The incremental updates required to prepare a model for bias measurement and explaining
- Preprocessing, Training, Model Deploy
Measuring the pre-training bias of a dataset and post-training bias of a model
Explaining the importance of the various new input features on the model’s decision
In particular, this will showcase:
- Clarify’s support for JSON input datasets, and a model with JSON inputs and outputs

In doing so, the notebook will first train a Linear Learner model using a training dataset, then use SageMaker Clarify to analyze a test dataset with JSON as the model input/output.

Prerequisites and Data

If you are using SageMaker Notebook Instances, please use the conda_python3 kernel.

Initialize SageMaker

[ ]:

# Upgrade dependencies
!pip install sagemaker botocore boto3 awscli --upgrade

[ ]:

import sagemaker
import pandas as pd

# SageMaker session bucket is used to upload the dataset, model and model training logs
sess = sagemaker.Session()
region = sess.boto_region_name
bucket = sess.default_bucket()
print(f"Bucket: {bucket}")

# Define the IAM role
role = sagemaker.get_execution_role()
print(f"Execution Role: {role}")

Download Data

We use the popular Adult Census Dataset from the UCI Machine Learning Repository$^{[1]}$. The data is already split between a training dataset (adult.train) and test dataset (adult.test) in the Data Folder.

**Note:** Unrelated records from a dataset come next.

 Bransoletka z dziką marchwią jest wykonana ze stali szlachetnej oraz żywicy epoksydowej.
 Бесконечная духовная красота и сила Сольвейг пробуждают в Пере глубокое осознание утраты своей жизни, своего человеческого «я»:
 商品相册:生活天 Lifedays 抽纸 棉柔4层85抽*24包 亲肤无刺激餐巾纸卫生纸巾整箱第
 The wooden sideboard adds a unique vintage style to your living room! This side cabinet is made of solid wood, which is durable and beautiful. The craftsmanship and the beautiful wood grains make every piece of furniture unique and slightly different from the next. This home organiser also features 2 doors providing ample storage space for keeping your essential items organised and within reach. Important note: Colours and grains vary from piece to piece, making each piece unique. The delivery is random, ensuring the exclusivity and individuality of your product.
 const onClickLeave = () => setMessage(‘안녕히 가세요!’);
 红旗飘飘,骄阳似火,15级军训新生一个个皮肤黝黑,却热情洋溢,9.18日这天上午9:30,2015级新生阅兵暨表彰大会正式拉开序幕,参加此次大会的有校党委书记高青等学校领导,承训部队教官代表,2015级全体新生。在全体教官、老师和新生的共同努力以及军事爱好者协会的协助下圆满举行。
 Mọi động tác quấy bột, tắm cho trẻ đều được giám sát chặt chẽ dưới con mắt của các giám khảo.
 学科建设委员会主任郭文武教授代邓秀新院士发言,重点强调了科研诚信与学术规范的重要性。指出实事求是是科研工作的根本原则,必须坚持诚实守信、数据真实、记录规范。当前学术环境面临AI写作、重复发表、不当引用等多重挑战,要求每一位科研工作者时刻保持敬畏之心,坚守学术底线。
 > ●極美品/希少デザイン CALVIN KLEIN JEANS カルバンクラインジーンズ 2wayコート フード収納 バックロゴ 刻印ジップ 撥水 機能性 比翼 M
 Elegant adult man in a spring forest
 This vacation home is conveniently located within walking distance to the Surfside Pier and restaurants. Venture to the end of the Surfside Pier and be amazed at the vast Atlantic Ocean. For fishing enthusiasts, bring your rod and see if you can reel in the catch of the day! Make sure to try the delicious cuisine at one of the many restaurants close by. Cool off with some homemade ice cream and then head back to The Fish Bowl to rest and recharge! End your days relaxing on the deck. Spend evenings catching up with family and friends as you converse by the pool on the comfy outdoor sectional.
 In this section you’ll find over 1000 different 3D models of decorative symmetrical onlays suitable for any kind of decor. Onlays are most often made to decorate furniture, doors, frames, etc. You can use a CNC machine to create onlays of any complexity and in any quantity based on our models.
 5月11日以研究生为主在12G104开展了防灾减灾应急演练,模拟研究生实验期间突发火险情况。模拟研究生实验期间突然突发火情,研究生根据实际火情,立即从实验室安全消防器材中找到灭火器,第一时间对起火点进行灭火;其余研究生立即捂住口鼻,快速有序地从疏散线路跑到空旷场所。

The dataset files are available in a public s3 bucket which we download below and are in a CSV format.

$^{[1]}$Dua, D. and Graff, C. (2019). UCI Machine Learning Repository. Irvine, CA: University of California, School of Information and Computer Science.

[ ]:

import os
import boto3

s3_client = boto3.client("s3")

# Training dataset
if not os.path.isfile("adult.data"):
    s3_client.download_file(
        f"sagemaker-example-files-prod-{region}",
        "datasets/tabular/uci_adult/adult.data",
        "adult.data",
    )
    print("adult.data saved!")
else:
    print("adult.data already on disk.")

# Test dataset
if not os.path.isfile("adult.test"):
    s3_client.download_file(
        f"sagemaker-example-files-prod-{region}",
        "datasets/tabular/uci_adult/adult.test",
        "adult.test",
    )
    print("adult.test saved!")
else:
    print("adult.test already on disk.")

Loading the data

From the UCI repository of machine learning datasets, this database contains 14 features concerning demographic characteristics of 45,222 rows (32,561 for training and 12,661 for testing). The task is to predict whether a person has a yearly income that is more or less than $50,000.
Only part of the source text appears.